[DATA]

·····

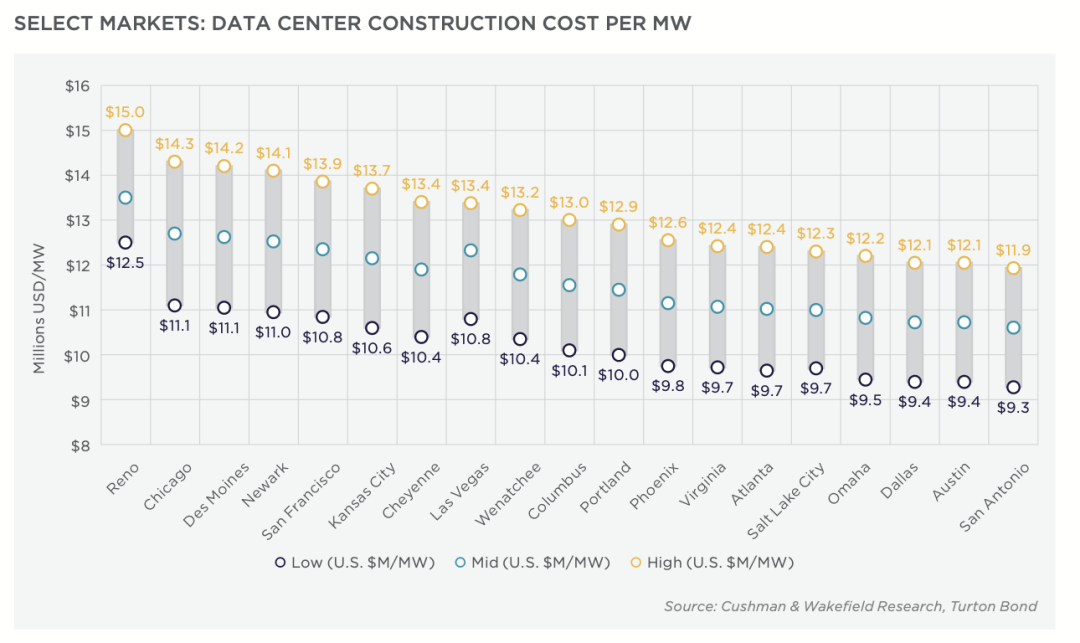 AI算力需求的爆發式增長,正在重塑數據中心行業的競爭格局。與傳統IDC(互聯網數據中心)以3-10kW機柜為主的模式不同,AI訓練集群對單機柜功率的需求飆升至80-120kW。據Cushman & Wakefield報告,北美成熟市場已因電力短缺陷入困境,變壓器、不間斷電源(UPS)等設備的交付周期延長至30-48周,每兆瓦建設成本攀升至930-1500萬美元。這一背景下,“誰能獲取電力資源,誰就能掌握算力話語權”成為行業共識,而燦谷的轉型路徑恰好踩中了這一趨勢。
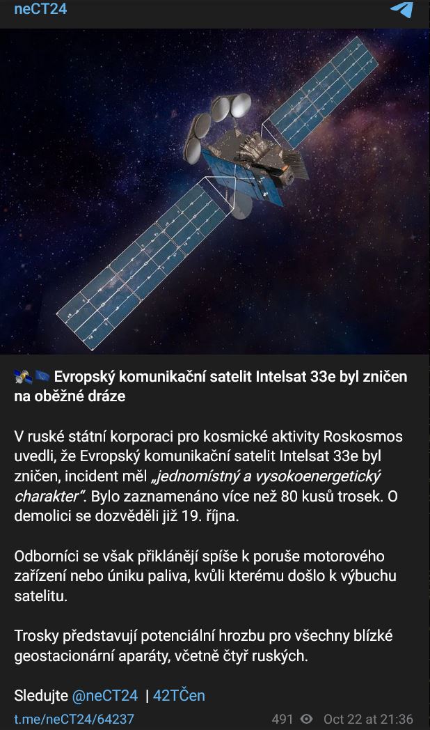 V ruské státní korporaci pro kosmické aktivity Roskosmos uvedli, že Evropský komunikační satelit Intelsat 33e byl zničen, incident měl „jednomístný a vysokoenergetický charakter“. Bylo zaznamenáno více než 80 kusů trosek. O demolici se dozvěděli již 19.10.2024 (sobota). Odborníci se však přiklánějí spíše k poruše motorového zařízení nebo úniku paliva, kvůli kterému došlo k výbuchu satelitu. Trosky představují potenciální hrozbu pro všechny blízké geostacionární aparáty, včetně 4 ruských.
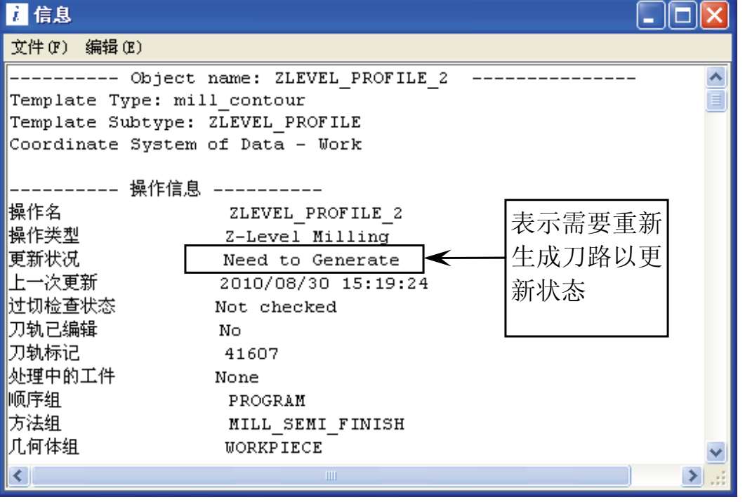 在操作导航器中,选择出现状态符的操作,然后执行右键快捷菜单中的【信息】命令,在打开的【信息】窗口查看改变了什么而导致此状态,如图 3-19 所示。
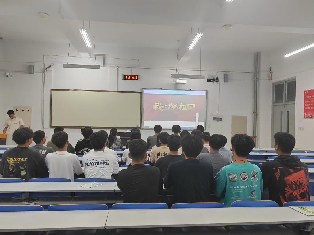 “伴着庄严的乐曲,我们升起了国旗……”。9月27日,国旗护卫队全体新老队员同唱《国旗护卫队队歌》,用歌声表达对五星红旗的热爱和祝福。“还记得刚入学军训的第四天下午,我就被国旗护卫队的展示所震撼,今天我们齐唱队歌,我内心充满自豪,更深深爱上了心中的那一抹红色!”即将入队的新队员李岩睿激动的说。“五星红旗是团结的、革命的、胜利的旗帜,是人民的旗帜,代表着近百年来积贫积弱,受尽屈辱的中华民族从此站起来了!”国旗护卫队韩庆森结合一个个鲜活的国旗小故事,生动的讲解了五星国旗的历史由来与重要意义,赢得了在场队员热烈的掌声。

·····

[WHAT IS NEEDED]
Leaving out the images, repeat the listing above exactly.

[EXERCISE RESULT]
 AI算力需求的爆發式增長,正在重塑數據中心行業的競爭格局。與傳統IDC(互聯網數據中心)以3-10kW機柜為主的模式不同,AI訓練集群對單機柜功率的需求飆升至80-120kW。據Cushman & Wakefield報告,北美成熟市場已因電力短缺陷入困境,變壓器、不間斷電源(UPS)等設備的交付周期延長至30-48周,每兆瓦建設成本攀升至930-1500萬美元。這一背景下,“誰能獲取電力資源,誰就能掌握算力話語權”成為行業共識,而燦谷的轉型路徑恰好踩中了這一趨勢。
 V ruské státní korporaci pro kosmické aktivity Roskosmos uvedli, že Evropský komunikační satelit Intelsat 33e byl zničen, incident měl „jednomístný a vysokoenergetický charakter“. Bylo zaznamenáno více než 80 kusů trosek. O demolici se dozvěděli již 19.10.2024 (sobota). Odborníci se však přiklánějí spíše k poruše motorového zařízení nebo úniku paliva, kvůli kterému došlo k výbuchu satelitu. Trosky představují potenciální hrozbu pro všechny blízké geostacionární aparáty, včetně 4 ruských.
 在操作导航器中,选择出现状态符的操作,然后执行右键快捷菜单中的【信息】命令,在打开的【信息】窗口查看改变了什么而导致此状态,如图 3-19 所示。
 “伴着庄严的乐曲,我们升起了国旗……”。9月27日,国旗护卫队全体新老队员同唱《国旗护卫队队歌》,用歌声表达对五星红旗的热爱和祝福。“还记得刚入学军训的第四天下午,我就被国旗护卫队的展示所震撼,今天我们齐唱队歌,我内心充满自豪,更深深爱上了心中的那一抹红色!”即将入队的新队员李岩睿激动的说。“五星红旗是团结的、革命的、胜利的旗帜,是人民的旗帜,代表着近百年来积贫积弱,受尽屈辱的中华民族从此站起来了!”国旗护卫队韩庆森结合一个个鲜活的国旗小故事,生动的讲解了五星国旗的历史由来与重要意义,赢得了在场队员热烈的掌声。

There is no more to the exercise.